[[ Material supplied, beginning ]]

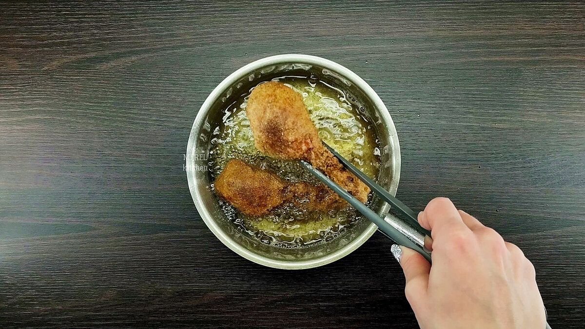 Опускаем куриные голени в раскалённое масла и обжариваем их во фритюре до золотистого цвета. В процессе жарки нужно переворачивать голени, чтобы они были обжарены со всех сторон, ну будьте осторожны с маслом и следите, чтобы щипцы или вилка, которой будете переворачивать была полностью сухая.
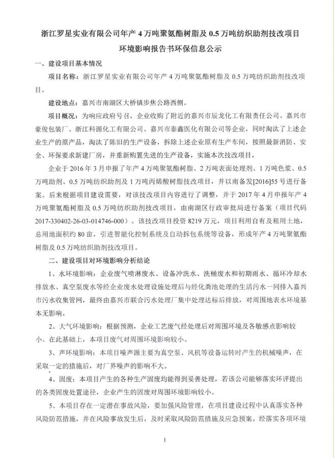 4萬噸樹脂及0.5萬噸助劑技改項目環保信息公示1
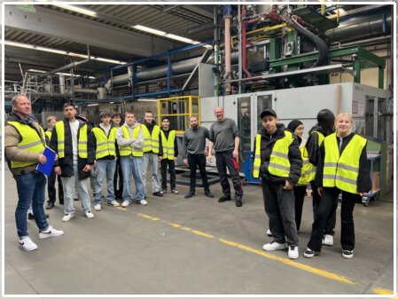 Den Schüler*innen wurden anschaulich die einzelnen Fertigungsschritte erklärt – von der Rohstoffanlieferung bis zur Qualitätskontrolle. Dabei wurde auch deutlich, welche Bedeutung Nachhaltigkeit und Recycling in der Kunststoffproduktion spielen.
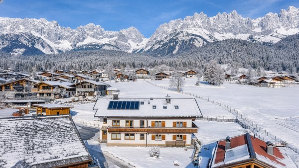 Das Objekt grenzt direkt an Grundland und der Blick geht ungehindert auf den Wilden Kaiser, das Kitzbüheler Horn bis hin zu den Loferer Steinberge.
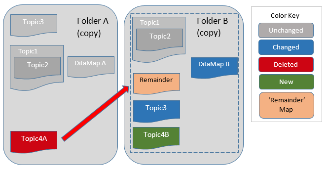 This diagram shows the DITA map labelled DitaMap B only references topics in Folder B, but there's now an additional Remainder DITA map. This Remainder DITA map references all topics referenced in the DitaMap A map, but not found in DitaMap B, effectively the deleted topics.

[[ Material supplied, end ]]
[[ Material supplied, beginning ]]

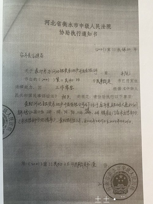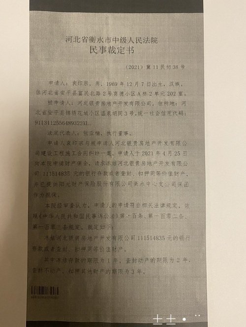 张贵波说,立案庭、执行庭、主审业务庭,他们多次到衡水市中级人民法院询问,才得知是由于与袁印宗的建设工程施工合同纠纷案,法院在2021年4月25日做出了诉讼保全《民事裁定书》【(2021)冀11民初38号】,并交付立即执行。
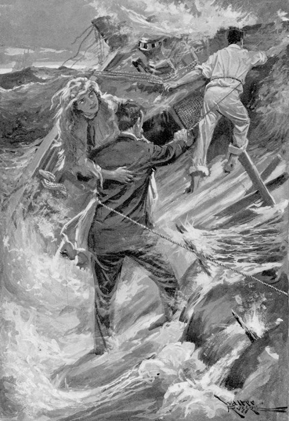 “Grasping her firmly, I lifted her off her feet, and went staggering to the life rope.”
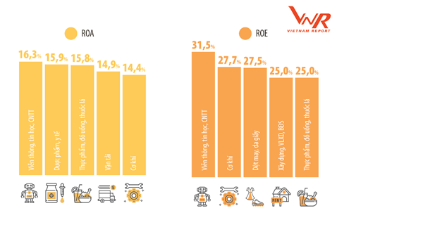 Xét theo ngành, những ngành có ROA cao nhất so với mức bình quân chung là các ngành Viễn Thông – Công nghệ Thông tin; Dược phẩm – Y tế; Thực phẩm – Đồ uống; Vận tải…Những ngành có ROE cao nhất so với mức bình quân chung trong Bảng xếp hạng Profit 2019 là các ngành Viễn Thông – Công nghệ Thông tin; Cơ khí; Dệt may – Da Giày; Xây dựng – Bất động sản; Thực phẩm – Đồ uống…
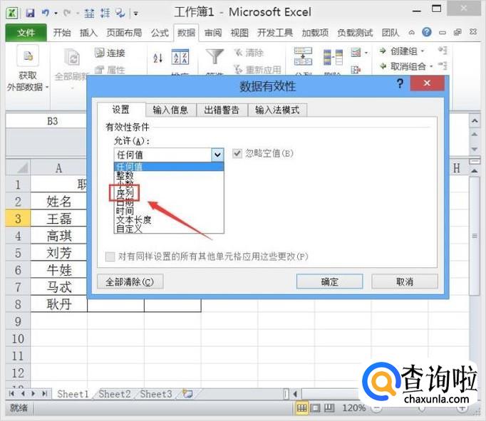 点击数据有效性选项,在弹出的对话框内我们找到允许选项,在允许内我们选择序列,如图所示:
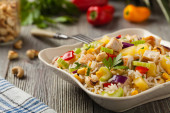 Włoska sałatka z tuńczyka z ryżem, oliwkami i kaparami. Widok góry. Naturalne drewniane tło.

[[ Material supplied, end ]]

◆ What to work on ◆
Give again the stretch of the entries above that begins at the line with "Xét theo ngành, những" and ends at the line with "Włoska sałatka z", word for word, with no pictures.

◆ Finished exercise ◆
 Xét theo ngành, những ngành có ROA cao nhất so với mức bình quân chung là các ngành Viễn Thông – Công nghệ Thông tin; Dược phẩm – Y tế; Thực phẩm – Đồ uống; Vận tải…Những ngành có ROE cao nhất so với mức bình quân chung trong Bảng xếp hạng Profit 2019 là các ngành Viễn Thông – Công nghệ Thông tin; Cơ khí; Dệt may – Da Giày; Xây dựng – Bất động sản; Thực phẩm – Đồ uống…
 点击数据有效性选项,在弹出的对话框内我们找到允许选项,在允许内我们选择序列,如图所示:
 Włoska sałatka z tuńczyka z ryżem, oliwkami i kaparami. Widok góry. Naturalne drewniane tło.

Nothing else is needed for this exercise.